Lying asleep on the ground at the base of the growing family tree, in his right hand, Kappler holds a scroll with the statement: „Altissimi pudebit eos“. Asking a friend for help in translating the Latin, we arrive at: „From on high he will put them to shame“. This would seem to refer to Kappler’s having achieved something that his successors with never be able to equal. Looking into the significance of the lily of the valley shown at bottom left of the picture, I learn that although poisonous, the plant contains substances that are of medicinal use and during the Renaissance, a number of authors give recipes for making extracts and distillations.
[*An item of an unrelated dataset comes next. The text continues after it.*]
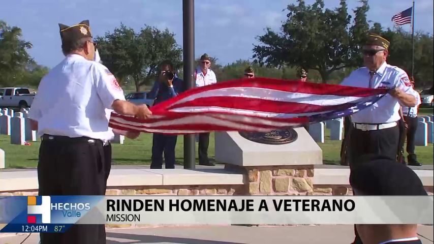 Los funcionarios de la ciudad de Misssion, veteranos y la familia honran la vida de un veterano del valle con un servicio especial de entierro conmemorativo en el cementerio de veteranos del estado en el valle de Río Grande

See: https://digitale-sammlungen.de
Week 5
In Vienna, I confirm that the last image of the 1536 edition is the basis of composition for all later editions and thus possibly of Kappler, as shown in the Kappler family tree. Ordering the manuscript of medicinal recipes that Kappler bought and into which he then wrote commentaries and added recipes his own, search for recipes involving lily of the valley plants. Despite searching for Convallaria majalis, Liliu covallin and „Mayblomen“ this draws a blank. Instead however, I find something else that suggests that the lily of the valley in the family tree is symbolic and stands for Christ as the Salvation of the World and the emblem of new life.